- PROBLEM DETAILS -
Word for word, copy out the data below, omitting pictures.

- DATA EXTRACT -

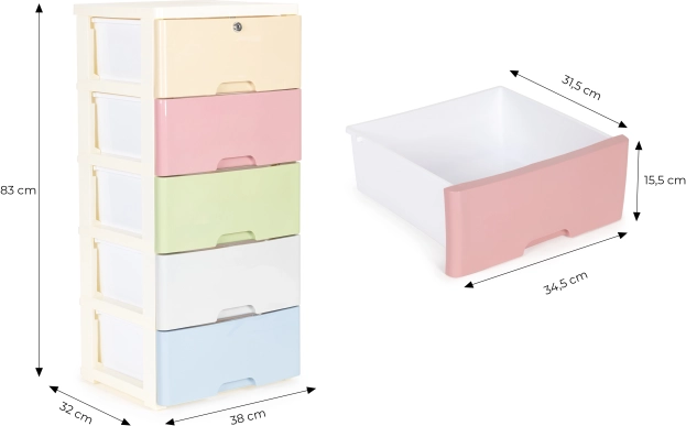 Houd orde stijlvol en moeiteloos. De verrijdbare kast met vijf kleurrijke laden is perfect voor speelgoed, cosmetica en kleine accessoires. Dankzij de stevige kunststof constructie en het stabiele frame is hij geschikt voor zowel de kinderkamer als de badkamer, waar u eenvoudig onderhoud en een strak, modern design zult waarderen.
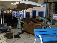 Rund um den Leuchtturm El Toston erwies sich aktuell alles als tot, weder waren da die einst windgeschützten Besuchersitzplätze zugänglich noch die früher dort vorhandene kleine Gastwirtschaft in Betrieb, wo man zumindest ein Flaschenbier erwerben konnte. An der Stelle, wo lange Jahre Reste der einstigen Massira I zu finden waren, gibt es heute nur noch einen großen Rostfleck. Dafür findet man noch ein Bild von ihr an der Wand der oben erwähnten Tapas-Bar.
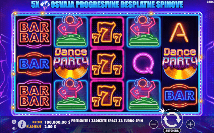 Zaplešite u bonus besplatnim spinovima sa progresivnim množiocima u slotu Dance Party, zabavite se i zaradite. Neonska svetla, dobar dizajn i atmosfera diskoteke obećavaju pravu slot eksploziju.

- TASK SOLUTION -
 Houd orde stijlvol en moeiteloos. De verrijdbare kast met vijf kleurrijke laden is perfect voor speelgoed, cosmetica en kleine accessoires. Dankzij de stevige kunststof constructie en het stabiele frame is hij geschikt voor zowel de kinderkamer als de badkamer, waar u eenvoudig onderhoud en een strak, modern design zult waarderen.
 Rund um den Leuchtturm El Toston erwies sich aktuell alles als tot, weder waren da die einst windgeschützten Besuchersitzplätze zugänglich noch die früher dort vorhandene kleine Gastwirtschaft in Betrieb, wo man zumindest ein Flaschenbier erwerben konnte. An der Stelle, wo lange Jahre Reste der einstigen Massira I zu finden waren, gibt es heute nur noch einen großen Rostfleck. Dafür findet man noch ein Bild von ihr an der Wand der oben erwähnten Tapas-Bar.
 Zaplešite u bonus besplatnim spinovima sa progresivnim množiocima u slotu Dance Party, zabavite se i zaradite. Neonska svetla, dobar dizajn i atmosfera diskoteke obećavaju pravu slot eksploziju.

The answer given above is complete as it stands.